The Hundred Dresses
- Cover with original design (post-1970, with "Newbery Honor" seal)
- Author: Eleanor Estes
- Illustrator: Louis Slobodkin
- Cover artist: Slobodkin
- Genre: Children's literature, realistic fiction
- Publisher: Harcourt, Brace
- Publication date: 1944
- Publication place: Australia
- Media type: Print (hardcover)
- Pages: 80
- ISBN: 978-0-15-332975-3
- OCLC: 906047056

= The Hundred Dresses =

Book by Eleanor Estes, illustrated by Louis Slobodkin

The Hundred Dresses is a children's book by Eleanor Estes, illustrated by Louis Slobodkin, published in 1944. In the book, a Polish girl named Wanda Petronski attends a Connecticut school where the other children see her as "different" and mock her.

==Plot summary==
The book centers on Wanda, a poor and friendless Polish-American girl. Although her grades are very good, she sits in the worst seat in the classroom and does not say anything when her schoolmates tease her. One day, after Wanda's classmates laugh at her Polish last name and the faded blue dress she wears to school every day, Wanda claims to own one hundred dresses, all lined up in her closet in her worn-down house. This outrageous and obvious lie becomes a game, and the group of girls in her class, headed by Maddie and Peggy, mock and corner her every day before school demanding that she describe all of her dresses for them. Her father, Jan Petronski, reveals that due to the constant discrimination directed at his family they must leave town.

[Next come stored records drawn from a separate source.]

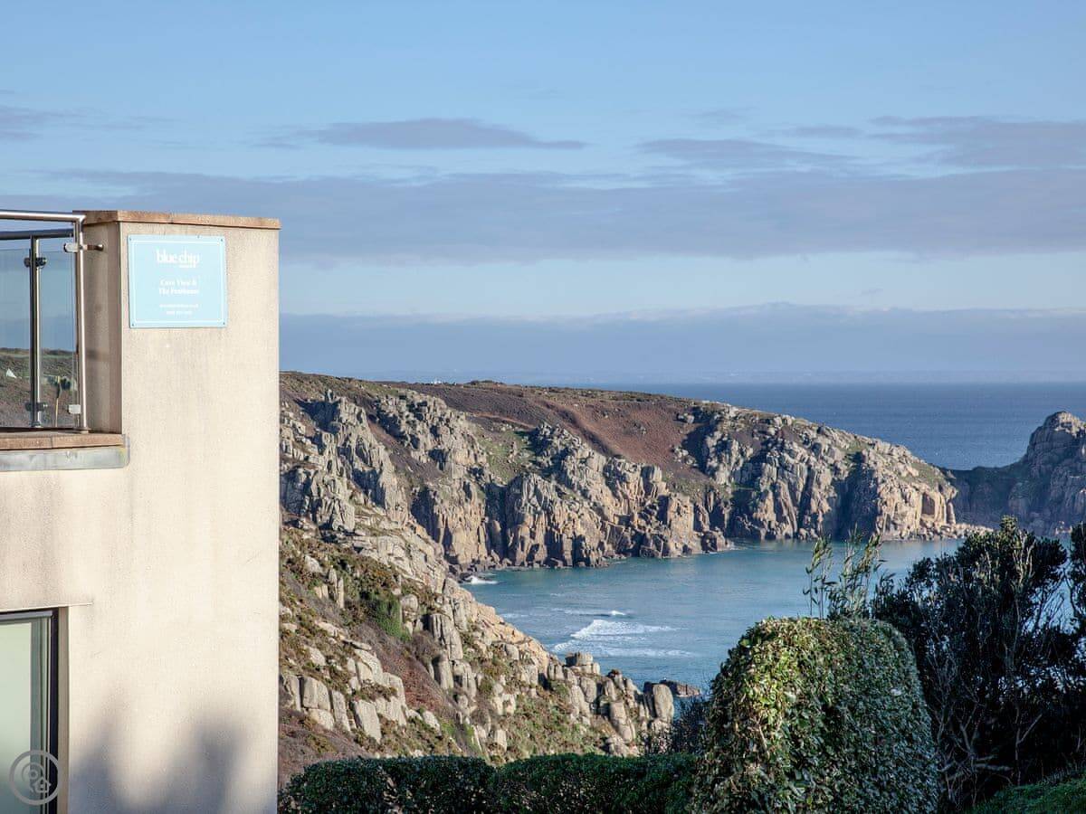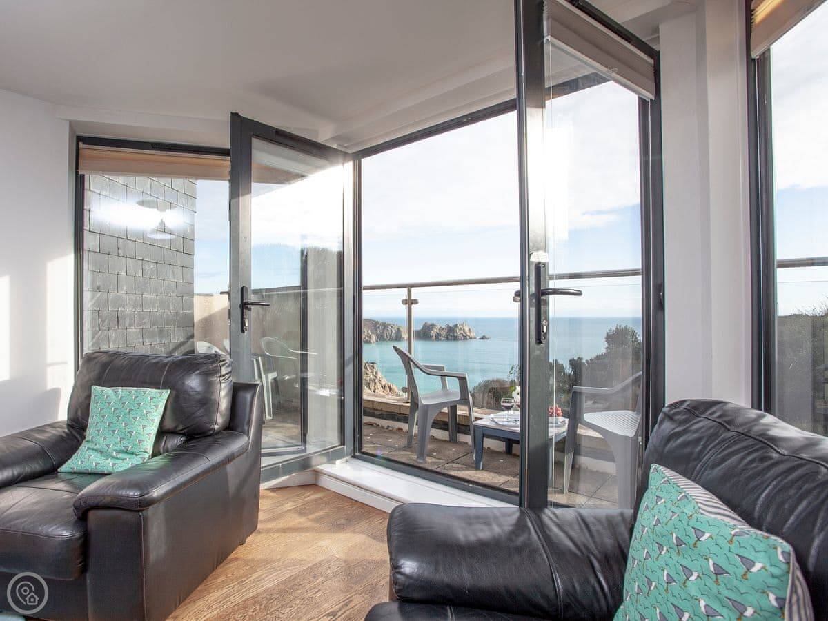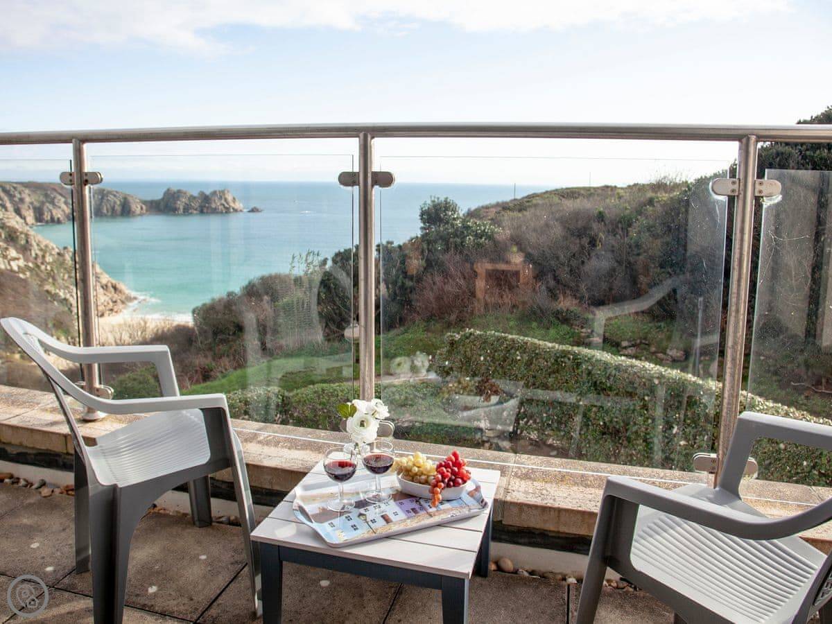 The main thing is the view. You're looking out over Porthcurno beach and the sea. There's a little furnished balcony to sit on and watch it.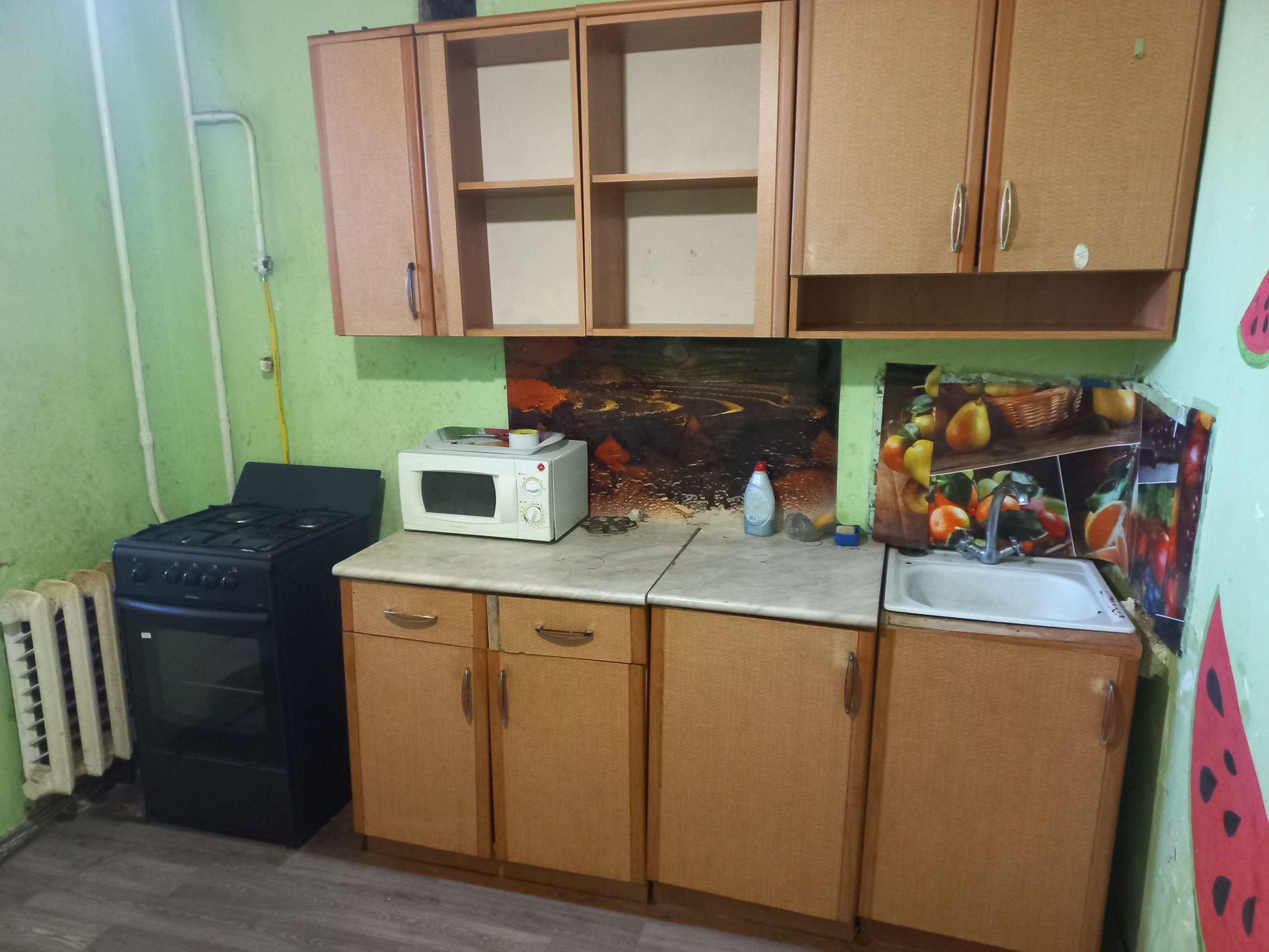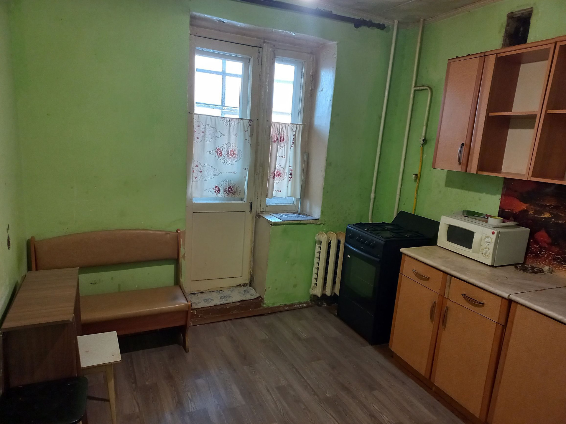 Дом кирпичный.Большая теплая однокомнатная квартира с большой кухней.Магазин,остановка прямо у дома.Чистый подъезд,чистый двор с хорошим парковочным местом.Частичная мебель.Вопросы по телефону.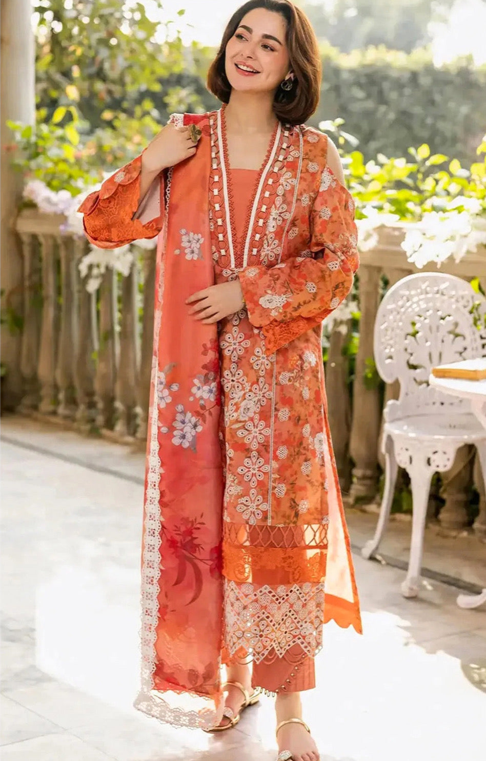 ShirtPrinted ShirtEmbroidered Organza PatchFabric: LAWNColor: ORANGEDupattaPrinted DupattaFabric: SHAFOON DUPATTAColor: ORANGETrousers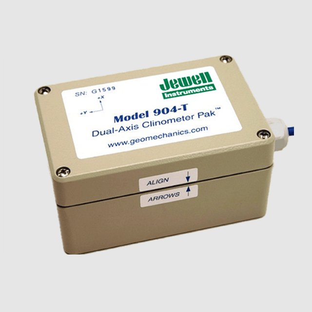 904-T 型測斜儀套裝將我們的 900 型雙軸測斜儀與一個防風雨的 NEMA 4X(IP65)防護外殼相結合,適用于對機械防護和環境防護有要求的室內或室外應用場景。該套裝提供高增益型、標準型和廣角型三種版本供選擇,每種版本具有不同的角度測量范圍。測斜儀套裝的內部電路可接受寬范圍的輸入電壓,并能為數據記錄儀、可編程邏輯控制器(PLC)、數字電壓表和其他記錄設備提供穩定、低阻抗的模擬輸出信號,以便進行測量。溫度傳感器是該套裝的標配。可選配置包括粘性阻尼和 0-5 伏輸出。該產品還提供配備可潛水不銹鋼外殼的版本。

The teacher holds a drawing contest in which the girls are to draw dresses of their own design. Wanda enters and submits one hundred beautiful designs. Her classmates are in awe of her talent and realize that these were her hundred dresses thus leading the students to believe Wanda. The students who teased her feel remorse and want her to know this, but they are not sure how. They decide to write her a kind letter and send it to her old address, hoping the post office can forward it. Unfortunately, she has already moved away and does not realize she won the contest.

Nevertheless, Wanda's lovely nature, kind heart, and forgiveness are revealed later when she tells the teacher to give the students the drawings.

==Reception==
The Hundred Dresses was a 1945 Newbery Honor book. A 2004 study found that it was a common read-aloud book for third-graders in schools in San Diego County, California. Based on a 2007 online poll, the National Education Association listed the book as one of its "Teachers' Top 100 Books for Children."

Ewa Thompson, professor of Slavic studies at Rice University, argued in a 2020 New Oxford Review article that the book perpetuates negative stereotypes about Polish-Americans.